# Gilbert- Cou Clair Nubian buckling



## Nubiansrus1 (Sep 2, 2009)

Just thought id show off how nice and big Gilbert one of our kids is turning out to be. Hes 2 months old now. Hes actually about as big as a few of my smaller yearlings. Excuse the bad posing, my daughter tried, and we dont do any showing lol. Glibert also wasnt happy to be stopped from playing.


----------



## AlaskaBoers (May 7, 2008)

I really love the coloring!


----------



## OhCee (Feb 26, 2010)

He's so handsome  And HUGE!!


----------



## DebMc (Dec 11, 2009)

Big and handsome! :thumbup: 

Deb Mc


----------



## toth boer goats (Jul 20, 2008)

I agree.... :thumb:


----------



## RPC (Nov 6, 2009)

He is huge. You deff. have a good growing boy. Is he going to be a herd buck?


----------



## Nubiansrus1 (Sep 2, 2009)

Thanks everyone



RPC said:


> He is huge. You deff. have a good growing boy. Is he going to be a herd buck?

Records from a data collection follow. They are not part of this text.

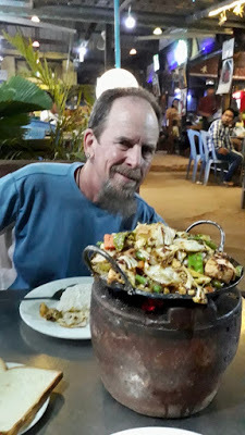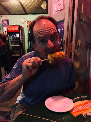 We found a night market that was clustered around the ruins of a pagoda complex. It was a maze of covered sandy walkways past brightly lit vendor stalls. Where there are vendors, there is food, because eating and shopping are a tag-team event in SE Asia.
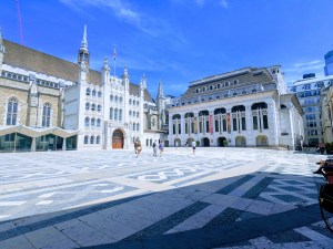 My trip to London in mid-June was very hot. However, I remembered from a previous visit that the Guildhall Art Gallery had impressive air conditioning, probably for the benefit of the paintings, but I could profit from it too on so hot a day. It was a wonderful relief from the stifling heat of the concrete jungle outside. When I ventured out into the afternoon sun, which was still baking the pavements, a group of Spanish tourists were taking a short stop outside of the Guildhall. Some were waving fans and guzzling from bottles of water, all were trying to stand in a small patch of shade. They may have heard that it rains a great deal in England and perhaps were not expecting Mediterranean heat in EC2!
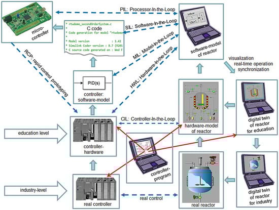 The students in the Master’s program at the Darmstadt University of Applied Sciences in Germany were taught automation and industrial plant process control technologies with DT modelling (Figure 6) [98]. The learning process consisted of converting the mathematical models of the industrial plant processes into hardware models to replicate the real system. First, students manipulated these hardware models (HWM) with real programmable logic controllers (PLCs), a process called controller-in-the-loop (CIL). Then, these HWM and CIL were converted into software models within a host computer, named model-in-the-loop (MIL). Finally, students simulated the reactors with the acquired code from the logic controller, which could be transferred to the microcontroller of the real plant system to run a rapid control prototyping (RCP) test to improve the plant operation processes if needed.
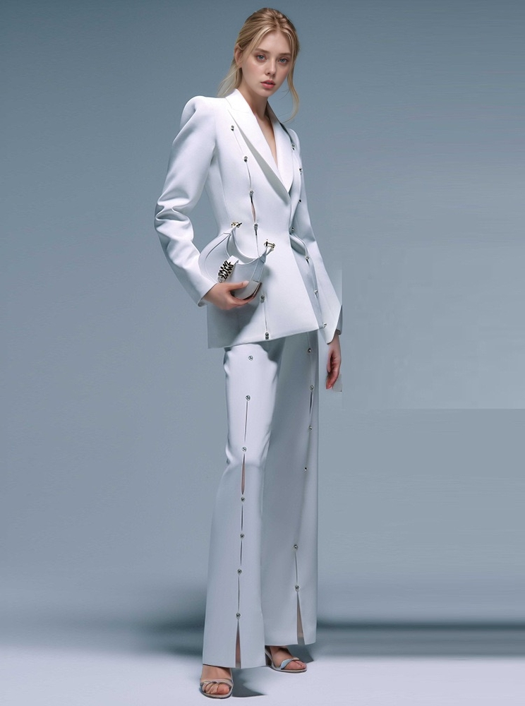 Omarm sculpturale elegantie met deze mouwloze feestjurk, ontworpen in een zachte neutrale tint en verfraaid met watervalvormige vlindervormige applicaties langs de schouder en het lijfje. De asymmetrische details voegen diepte en beweging toe, waardoor een speelse maar verfijnde silhouet ontstaat. Gemaakt van glad, gestructureerd materiaal, flatteren de hoge halslijn en de A-lijn snit het figuur terwijl ze een moderne, minimalistische charme behouden. Ideaal voor cocktailfeesten, galerieopeningen of avondrecepties, biedt deze jurk een onderscheidende mix van kunstzinnigheid en verfijning.
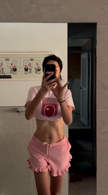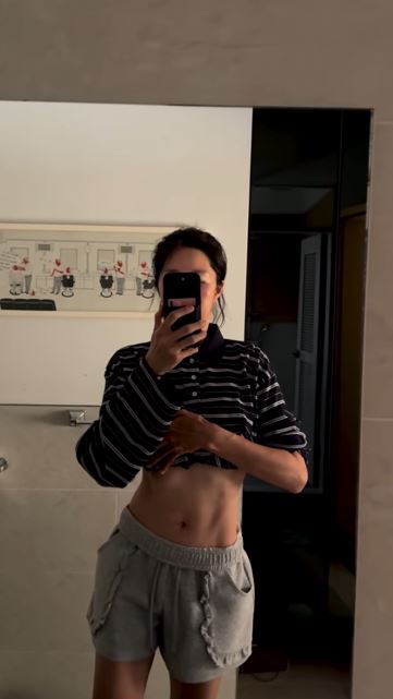 영상 속 전미라는 여러 날에 걸쳐 거울 앞에서 셀카를 찍은 모습. 복근 라인이 뚜렷하게 잡혀 시선을 사로잡는다.
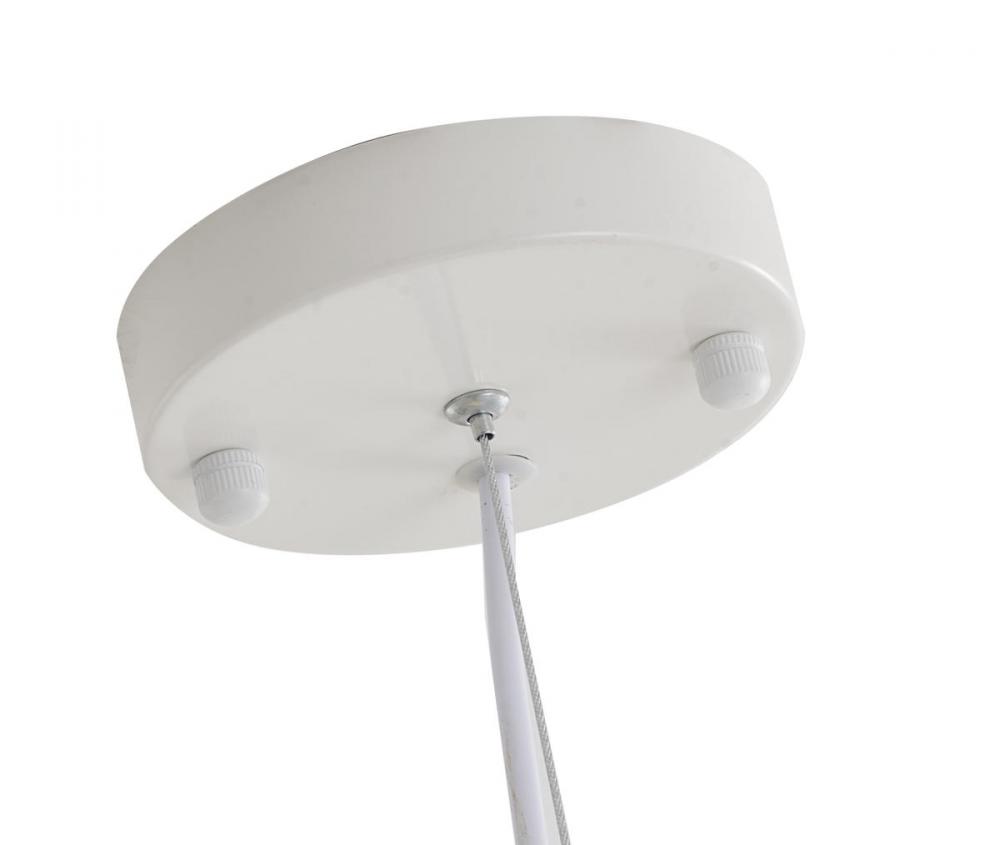 This unique LED chandelier is in a white finish. The frame is made out of metal, and the LED bulb is integrated into the frame. The adjustable cord link makes this fixture suitable for most ceiling heights.

Im hoping. My buck is 6 yrs old now, and I know he wont breed/live forever. I kept a son of his a couple years ago, when I knew alot less, yeah didnt turn out the way I wanted. Im keeping this boy, and a painted moonspot buckling for now this year, hoping someone turns out the way I want. Ive heard bucks only live to around 8 yrs old.


----------